Fort Edward was a military post of considerable importance during the French and Indian wars and the Revolution.(1) The locality, previous to the erection of the fortress, was called thc first carrying-place, being the first and nearest point on the Hudson where the troops, stores, &c., were landed while passing to or from the south end of Lake Champlain, a distance of about twenty-five miles. The fort was built in 1755, when six thousand troops were collected there, under General Lyman, waiting the arrival of General Johnson, the commander-in-chief of an expedition against Ticonderoga and Crown Point. It was at first called Fort Lyman, in honor of the general who superintended its erection. It was built of logs and earth, sixteen feet high and twenty-two feet thick; and stood at the junction of Fort Edward Creek and the Hudson River. From the creek, around the fort to the river, was a deep fosse or ditch, designated in the engraving by the dark dotted part outside of the black lines.

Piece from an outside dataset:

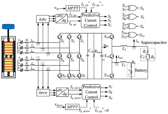 The proposed multiport converter applied to DP-DDWEPGS consists of a nine-switch converter (NSC) and an integrated DC-DC converter, and its topology and control block diagram are shown in Figure 3. NSC is interfaced with a dual-port permanent magnet linear generator (DP-PMLG), functioning as a rectifier. Concurrently, an integrated bidirectional DC-DC converter facilitates the connection between the DC bus and the HESS to maintain power stability on the load side.
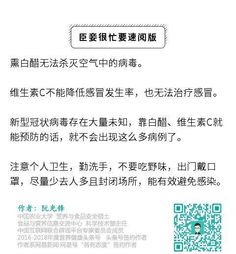 除了播報疫情情況,很多人也在轉(zhuǎn)發(fā)一些預(yù)防新型肺炎的說法。今天很多人都在轉(zhuǎn)一條自稱來自武漢第一線的人,稱把白醋放在暖氣片上可以殺死室內(nèi)的病毒;吃VC泡騰片可以提高免疫力,防止感染病毒。

1 I refer particularly to the war between England and France, commonly called, in Europe, the Seven Years' War. It was declared on the 9th of June, 1756, and ended with the treaty at Paris, concluded and signed February 10th, 1763. It extended to the colonies of the two nations in America, and was carried on with much vigor here until the victory of Wolfe at Quebec, in 1759, and the entire subjugation of Canada by the English. The French managed to enlist a large proportion of the Indian tribes in their favor, who were allied with them against the Britons. It is for that reason that the section of the Seven Years' War in America was called by the colonists the "French and Indian War." I would here mention incidentally that that war cost Great Britain five hundred and sixty millions of dollars, and laid one of the largest foundation stones of that national debt under which she now groans. It was twenty millions in the reign of William and Mary, in 1697, and was then thought to be enormous; in 1840 it was about four thousand millions of dollars!

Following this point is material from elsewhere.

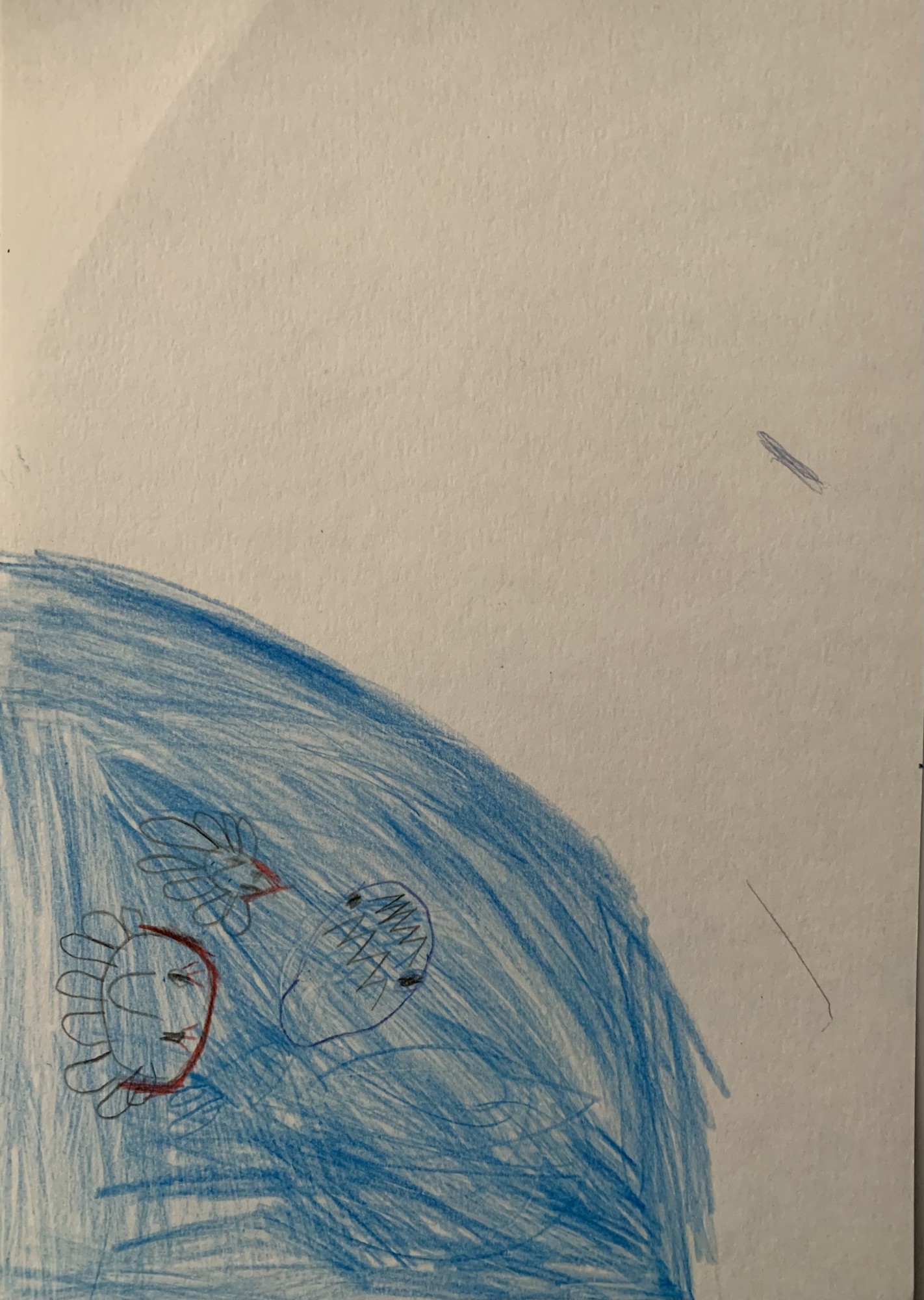 Astoņkāju ģimene peld ūdenskritumā pabarot haizivi.

2 EXPLANATION: a a a a a a, six cannons; A, the barracks; B, the store-house; C, the hospital; D, the magazine; E, a flanker; F, a bridge across Fort Edward Creek; and G, a balm of Gilead tree which then overshadowed the massive. water-gate. That tree is still standing, a majestic relic of the past, amid the surrounding changes in nature and art. It is directly upon the high bank of the Hudson, and its branches, heavily foliated when I was there, spread very high and wide. At the union below its three trunks it measures more than twenty feet in circumference.